-- Input records follows --
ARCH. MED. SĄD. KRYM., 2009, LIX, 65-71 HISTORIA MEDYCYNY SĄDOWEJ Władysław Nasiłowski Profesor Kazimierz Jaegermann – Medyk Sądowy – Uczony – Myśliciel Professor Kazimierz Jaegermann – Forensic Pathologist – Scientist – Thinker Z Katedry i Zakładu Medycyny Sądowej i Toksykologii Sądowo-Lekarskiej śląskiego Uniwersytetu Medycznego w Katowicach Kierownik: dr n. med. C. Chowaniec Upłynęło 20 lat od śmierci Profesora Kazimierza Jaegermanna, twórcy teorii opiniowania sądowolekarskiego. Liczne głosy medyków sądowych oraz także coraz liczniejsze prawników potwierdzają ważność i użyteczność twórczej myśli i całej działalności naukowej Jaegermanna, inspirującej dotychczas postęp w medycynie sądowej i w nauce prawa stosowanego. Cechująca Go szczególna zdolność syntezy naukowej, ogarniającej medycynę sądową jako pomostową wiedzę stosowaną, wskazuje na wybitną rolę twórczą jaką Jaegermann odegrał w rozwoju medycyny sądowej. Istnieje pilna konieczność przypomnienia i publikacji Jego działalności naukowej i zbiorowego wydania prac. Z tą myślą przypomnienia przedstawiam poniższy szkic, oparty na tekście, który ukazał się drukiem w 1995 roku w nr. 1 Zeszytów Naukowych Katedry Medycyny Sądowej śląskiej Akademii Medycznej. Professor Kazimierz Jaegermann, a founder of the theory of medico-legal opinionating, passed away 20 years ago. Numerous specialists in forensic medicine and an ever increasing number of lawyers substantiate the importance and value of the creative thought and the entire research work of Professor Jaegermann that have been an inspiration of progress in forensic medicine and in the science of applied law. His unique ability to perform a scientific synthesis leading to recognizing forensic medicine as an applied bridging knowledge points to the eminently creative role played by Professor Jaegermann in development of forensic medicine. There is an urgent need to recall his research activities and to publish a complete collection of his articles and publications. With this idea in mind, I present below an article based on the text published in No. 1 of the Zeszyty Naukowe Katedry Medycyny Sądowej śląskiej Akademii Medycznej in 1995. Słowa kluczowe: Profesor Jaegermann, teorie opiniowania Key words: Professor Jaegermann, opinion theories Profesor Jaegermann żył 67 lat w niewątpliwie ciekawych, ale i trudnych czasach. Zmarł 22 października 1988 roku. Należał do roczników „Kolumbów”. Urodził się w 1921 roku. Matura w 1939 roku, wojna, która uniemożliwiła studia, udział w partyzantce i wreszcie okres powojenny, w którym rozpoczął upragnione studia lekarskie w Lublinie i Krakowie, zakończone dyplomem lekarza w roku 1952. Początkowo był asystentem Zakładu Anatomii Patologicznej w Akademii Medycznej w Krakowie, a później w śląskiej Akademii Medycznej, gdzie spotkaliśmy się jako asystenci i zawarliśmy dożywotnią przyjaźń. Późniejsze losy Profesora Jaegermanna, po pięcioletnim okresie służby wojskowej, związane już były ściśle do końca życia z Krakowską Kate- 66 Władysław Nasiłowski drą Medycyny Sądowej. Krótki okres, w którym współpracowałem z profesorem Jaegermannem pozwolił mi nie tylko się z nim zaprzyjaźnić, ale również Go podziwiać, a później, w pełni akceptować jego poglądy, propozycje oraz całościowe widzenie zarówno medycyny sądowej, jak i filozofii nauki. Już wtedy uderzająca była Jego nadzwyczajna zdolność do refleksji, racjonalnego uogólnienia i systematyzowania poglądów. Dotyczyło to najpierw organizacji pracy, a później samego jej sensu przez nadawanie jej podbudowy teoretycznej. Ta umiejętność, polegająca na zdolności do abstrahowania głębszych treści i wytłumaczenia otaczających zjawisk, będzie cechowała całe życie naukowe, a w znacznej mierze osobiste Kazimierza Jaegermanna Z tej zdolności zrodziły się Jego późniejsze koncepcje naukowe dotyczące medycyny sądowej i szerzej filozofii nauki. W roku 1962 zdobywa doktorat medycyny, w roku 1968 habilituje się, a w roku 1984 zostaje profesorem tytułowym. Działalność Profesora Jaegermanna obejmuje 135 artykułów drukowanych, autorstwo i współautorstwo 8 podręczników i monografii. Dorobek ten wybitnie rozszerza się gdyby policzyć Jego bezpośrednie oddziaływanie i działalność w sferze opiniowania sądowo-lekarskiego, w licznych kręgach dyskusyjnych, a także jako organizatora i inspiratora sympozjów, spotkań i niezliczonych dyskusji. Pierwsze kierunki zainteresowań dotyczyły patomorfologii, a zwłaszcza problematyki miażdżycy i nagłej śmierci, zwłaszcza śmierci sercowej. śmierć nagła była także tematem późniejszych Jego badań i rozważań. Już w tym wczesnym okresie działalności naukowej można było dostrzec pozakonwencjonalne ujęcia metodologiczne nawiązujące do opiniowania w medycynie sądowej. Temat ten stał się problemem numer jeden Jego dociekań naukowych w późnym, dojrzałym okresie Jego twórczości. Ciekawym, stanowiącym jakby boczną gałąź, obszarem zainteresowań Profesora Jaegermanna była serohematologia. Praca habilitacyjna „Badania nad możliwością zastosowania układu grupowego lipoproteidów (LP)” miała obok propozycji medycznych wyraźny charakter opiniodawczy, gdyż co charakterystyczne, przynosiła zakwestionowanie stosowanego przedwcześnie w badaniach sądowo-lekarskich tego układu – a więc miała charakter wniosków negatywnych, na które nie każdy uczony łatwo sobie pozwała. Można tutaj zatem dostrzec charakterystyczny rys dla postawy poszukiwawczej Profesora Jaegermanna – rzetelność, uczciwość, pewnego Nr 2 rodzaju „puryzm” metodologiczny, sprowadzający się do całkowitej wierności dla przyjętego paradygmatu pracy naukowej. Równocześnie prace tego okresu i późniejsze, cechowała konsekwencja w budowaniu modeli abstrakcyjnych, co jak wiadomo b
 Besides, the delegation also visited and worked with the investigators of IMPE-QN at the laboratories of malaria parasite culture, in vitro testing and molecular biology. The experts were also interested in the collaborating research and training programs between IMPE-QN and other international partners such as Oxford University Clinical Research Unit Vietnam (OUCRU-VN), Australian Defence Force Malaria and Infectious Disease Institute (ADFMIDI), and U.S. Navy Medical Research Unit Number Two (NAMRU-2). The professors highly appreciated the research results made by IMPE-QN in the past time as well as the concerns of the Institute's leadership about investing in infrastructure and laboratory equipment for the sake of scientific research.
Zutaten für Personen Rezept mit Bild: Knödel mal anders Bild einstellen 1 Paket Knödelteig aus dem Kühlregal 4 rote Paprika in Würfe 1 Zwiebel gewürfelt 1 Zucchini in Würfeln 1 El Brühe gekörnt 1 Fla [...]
-- Input records concluded --
-- Input records follows --
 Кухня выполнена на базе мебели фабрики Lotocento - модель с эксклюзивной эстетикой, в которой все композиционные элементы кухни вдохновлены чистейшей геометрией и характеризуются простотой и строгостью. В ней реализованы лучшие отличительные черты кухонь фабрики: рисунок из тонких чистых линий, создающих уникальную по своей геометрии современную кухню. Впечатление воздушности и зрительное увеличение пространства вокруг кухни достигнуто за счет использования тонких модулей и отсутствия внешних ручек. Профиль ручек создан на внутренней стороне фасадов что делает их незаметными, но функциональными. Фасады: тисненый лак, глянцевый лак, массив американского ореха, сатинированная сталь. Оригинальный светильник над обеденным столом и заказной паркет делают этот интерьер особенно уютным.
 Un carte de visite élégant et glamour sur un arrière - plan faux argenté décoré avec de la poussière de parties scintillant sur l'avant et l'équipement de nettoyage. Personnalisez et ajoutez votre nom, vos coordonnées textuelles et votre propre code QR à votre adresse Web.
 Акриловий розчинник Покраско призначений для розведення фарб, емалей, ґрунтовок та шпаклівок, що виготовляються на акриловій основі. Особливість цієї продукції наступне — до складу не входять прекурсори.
-- Input records concluded --
The task → Would you output, from the records above, exactly the run of lines that starts at the line containing "Un carte de" and ends at the line containing "Акриловий розчинник Покраско", and only that run?

Task answer →
 Un carte de visite élégant et glamour sur un arrière - plan faux argenté décoré avec de la poussière de parties scintillant sur l'avant et l'équipement de nettoyage. Personnalisez et ajoutez votre nom, vos coordonnées textuelles et votre propre code QR à votre adresse Web.
 Акриловий розчинник Покраско призначений для розведення фарб, емалей, ґрунтовок та шпаклівок, що виготовляються на акриловій основі. Особливість цієї продукції наступне — до складу не входять прекурсори.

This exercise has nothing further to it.